§ **Work instruction**: When you reach the line below that has "Van deze porseleinen", start returning lines exactly, and stop after the line that has "Labradorite surrounded by"; skip the pictures.

§ **Data provided**:
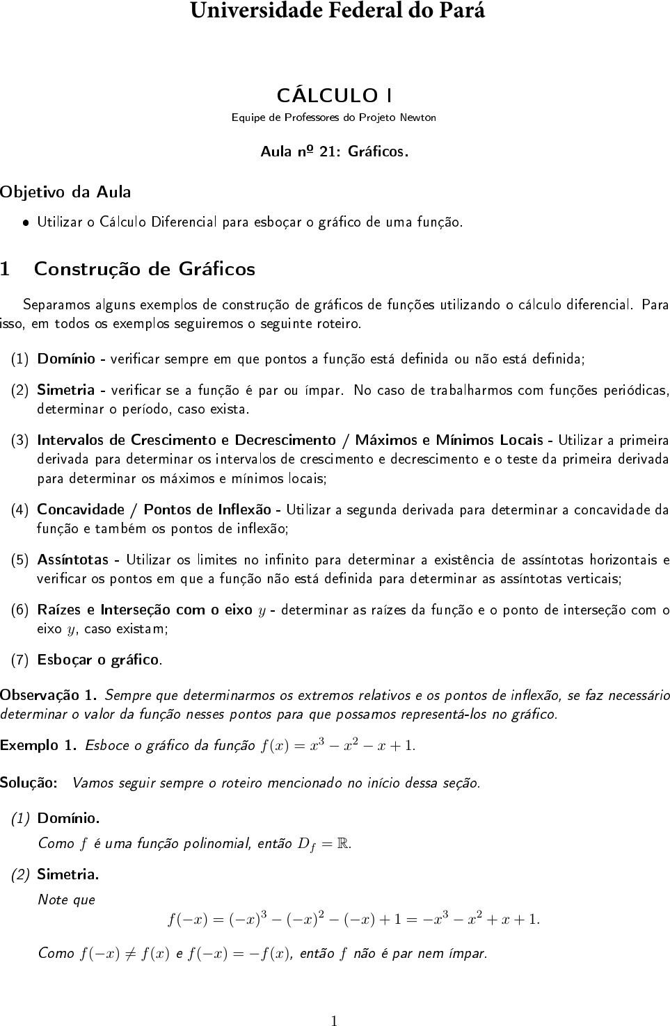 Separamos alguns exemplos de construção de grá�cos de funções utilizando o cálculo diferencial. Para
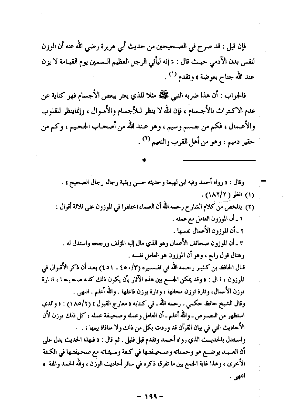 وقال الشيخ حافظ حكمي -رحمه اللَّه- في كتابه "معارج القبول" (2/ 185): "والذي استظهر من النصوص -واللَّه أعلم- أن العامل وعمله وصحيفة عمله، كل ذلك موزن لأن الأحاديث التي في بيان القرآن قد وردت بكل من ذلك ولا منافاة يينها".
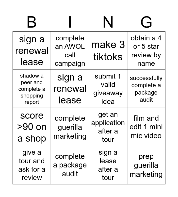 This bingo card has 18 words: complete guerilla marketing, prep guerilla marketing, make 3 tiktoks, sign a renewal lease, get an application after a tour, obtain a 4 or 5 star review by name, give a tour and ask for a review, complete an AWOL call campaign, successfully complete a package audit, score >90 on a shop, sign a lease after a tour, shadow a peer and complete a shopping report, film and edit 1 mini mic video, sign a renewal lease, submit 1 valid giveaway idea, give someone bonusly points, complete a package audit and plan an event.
* * *
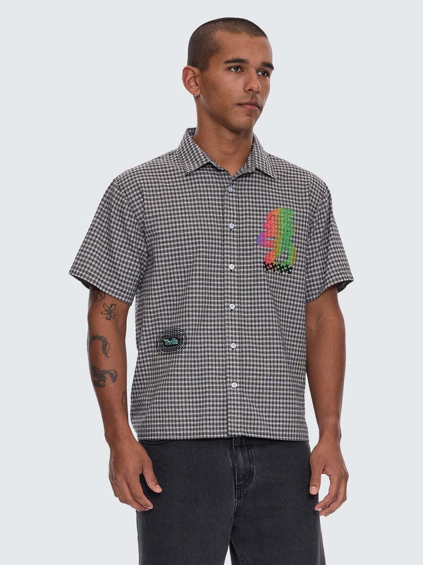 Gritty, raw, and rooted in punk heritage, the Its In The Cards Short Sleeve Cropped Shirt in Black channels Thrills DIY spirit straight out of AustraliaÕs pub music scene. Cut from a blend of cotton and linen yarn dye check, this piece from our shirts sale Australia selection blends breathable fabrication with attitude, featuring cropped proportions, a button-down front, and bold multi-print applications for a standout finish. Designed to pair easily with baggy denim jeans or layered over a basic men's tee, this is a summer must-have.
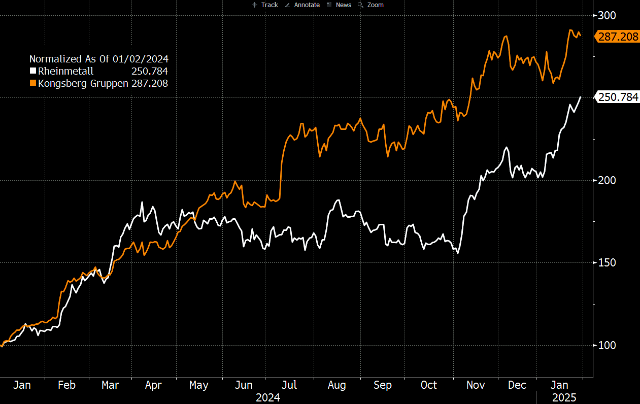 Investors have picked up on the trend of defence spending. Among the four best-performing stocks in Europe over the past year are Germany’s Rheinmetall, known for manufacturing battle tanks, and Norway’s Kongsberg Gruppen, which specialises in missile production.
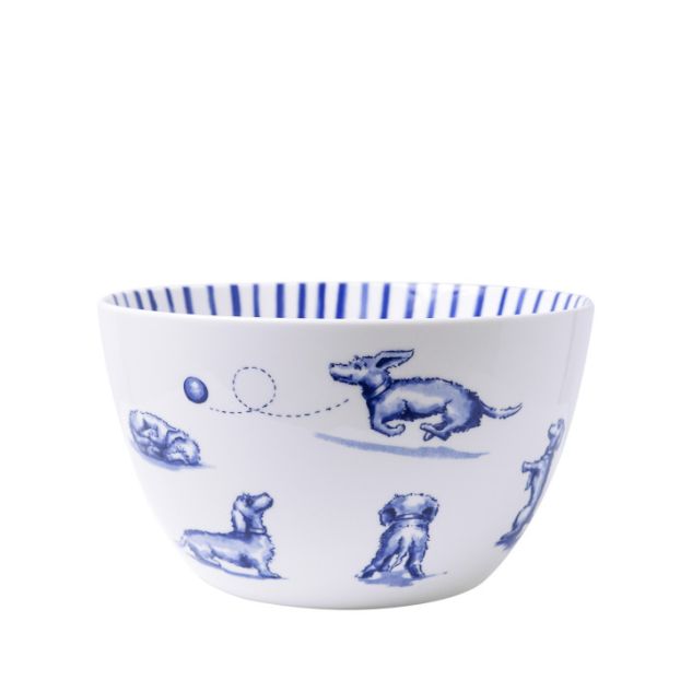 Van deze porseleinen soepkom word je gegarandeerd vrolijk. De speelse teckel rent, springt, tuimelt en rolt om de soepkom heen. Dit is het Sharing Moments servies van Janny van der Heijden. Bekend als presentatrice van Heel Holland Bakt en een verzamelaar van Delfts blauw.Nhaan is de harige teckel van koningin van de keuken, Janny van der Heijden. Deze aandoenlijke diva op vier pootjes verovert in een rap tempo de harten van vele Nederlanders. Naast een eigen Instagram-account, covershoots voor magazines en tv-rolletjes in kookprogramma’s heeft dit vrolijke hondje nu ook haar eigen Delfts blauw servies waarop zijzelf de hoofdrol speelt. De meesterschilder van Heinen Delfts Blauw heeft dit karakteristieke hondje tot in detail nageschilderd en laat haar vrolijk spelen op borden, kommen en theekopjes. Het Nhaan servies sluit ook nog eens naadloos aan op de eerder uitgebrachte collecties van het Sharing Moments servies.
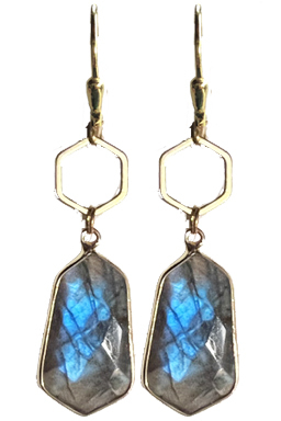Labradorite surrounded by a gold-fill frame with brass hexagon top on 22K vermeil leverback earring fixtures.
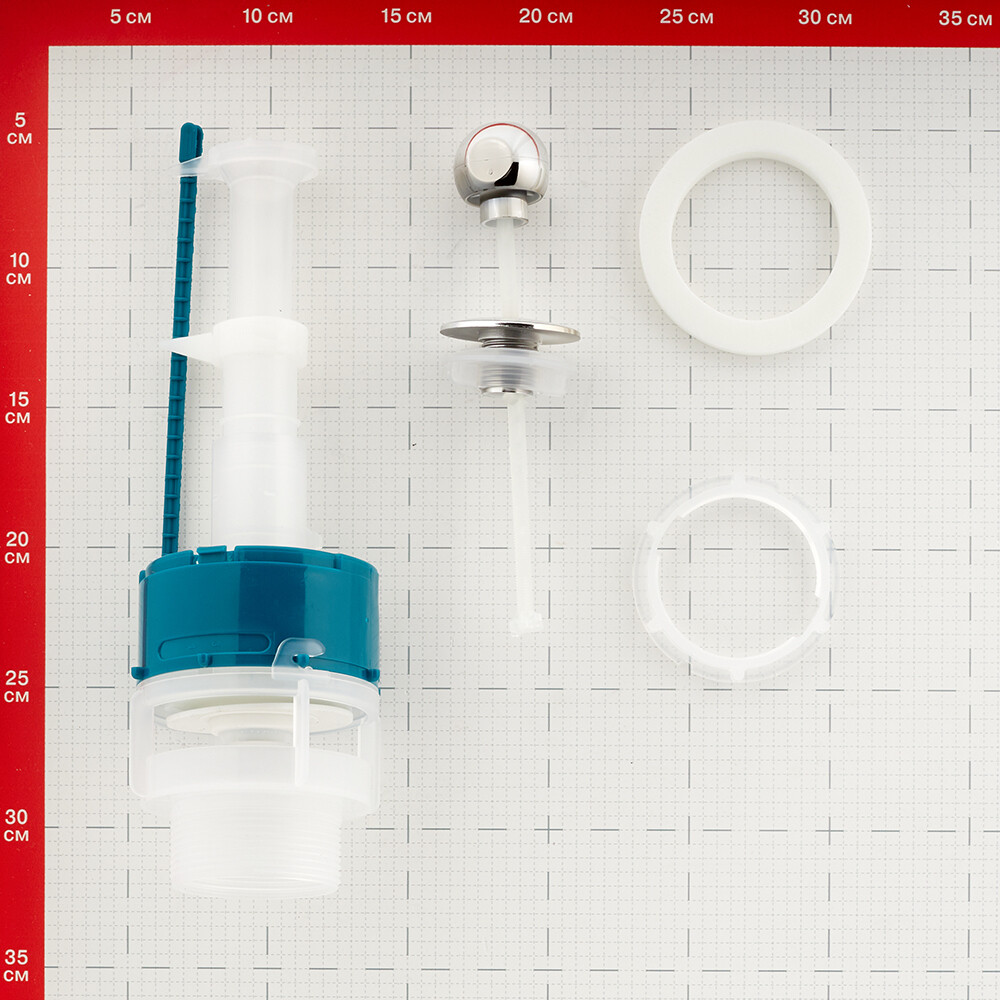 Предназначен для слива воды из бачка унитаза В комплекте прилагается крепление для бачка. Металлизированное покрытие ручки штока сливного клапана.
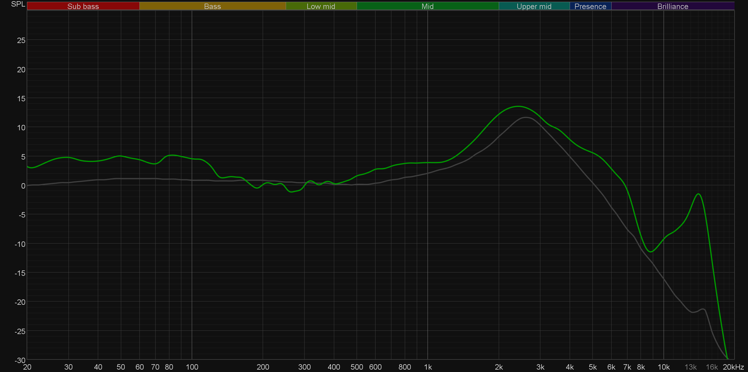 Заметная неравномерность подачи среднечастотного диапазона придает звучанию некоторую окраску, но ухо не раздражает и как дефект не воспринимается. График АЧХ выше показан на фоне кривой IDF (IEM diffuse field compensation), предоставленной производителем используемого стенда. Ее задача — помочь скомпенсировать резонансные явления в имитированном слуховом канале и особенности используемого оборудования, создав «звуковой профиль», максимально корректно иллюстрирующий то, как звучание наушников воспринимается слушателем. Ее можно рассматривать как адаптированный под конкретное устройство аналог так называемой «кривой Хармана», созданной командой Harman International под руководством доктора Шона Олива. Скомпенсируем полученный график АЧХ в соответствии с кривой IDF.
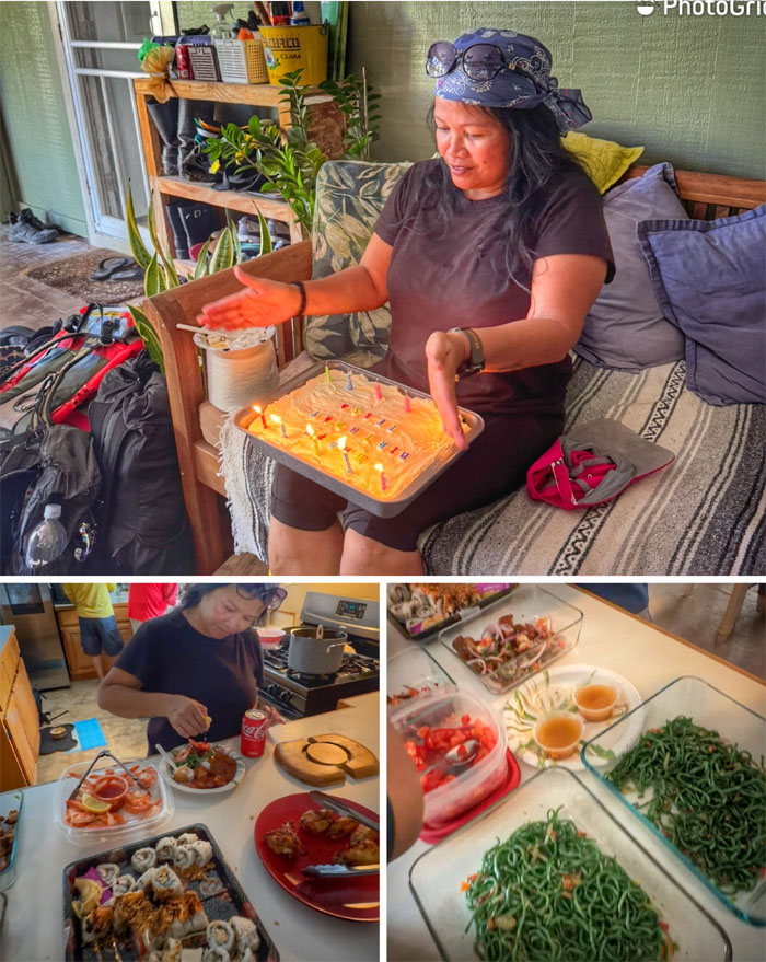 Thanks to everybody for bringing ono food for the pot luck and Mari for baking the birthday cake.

§ **Reply to the exercise**:
 Van deze porseleinen soepkom word je gegarandeerd vrolijk. De speelse teckel rent, springt, tuimelt en rolt om de soepkom heen. Dit is het Sharing Moments servies van Janny van der Heijden. Bekend als presentatrice van Heel Holland Bakt en een verzamelaar van Delfts blauw.Nhaan is de harige teckel van koningin van de keuken, Janny van der Heijden. Deze aandoenlijke diva op vier pootjes verovert in een rap tempo de harten van vele Nederlanders. Naast een eigen Instagram-account, covershoots voor magazines en tv-rolletjes in kookprogramma’s heeft dit vrolijke hondje nu ook haar eigen Delfts blauw servies waarop zijzelf de hoofdrol speelt. De meesterschilder van Heinen Delfts Blauw heeft dit karakteristieke hondje tot in detail nageschilderd en laat haar vrolijk spelen op borden, kommen en theekopjes. Het Nhaan servies sluit ook nog eens naadloos aan op de eerder uitgebrachte collecties van het Sharing Moments servies.
Labradorite surrounded by a gold-fill frame with brass hexagon top on 22K vermeil leverback earring fixtures.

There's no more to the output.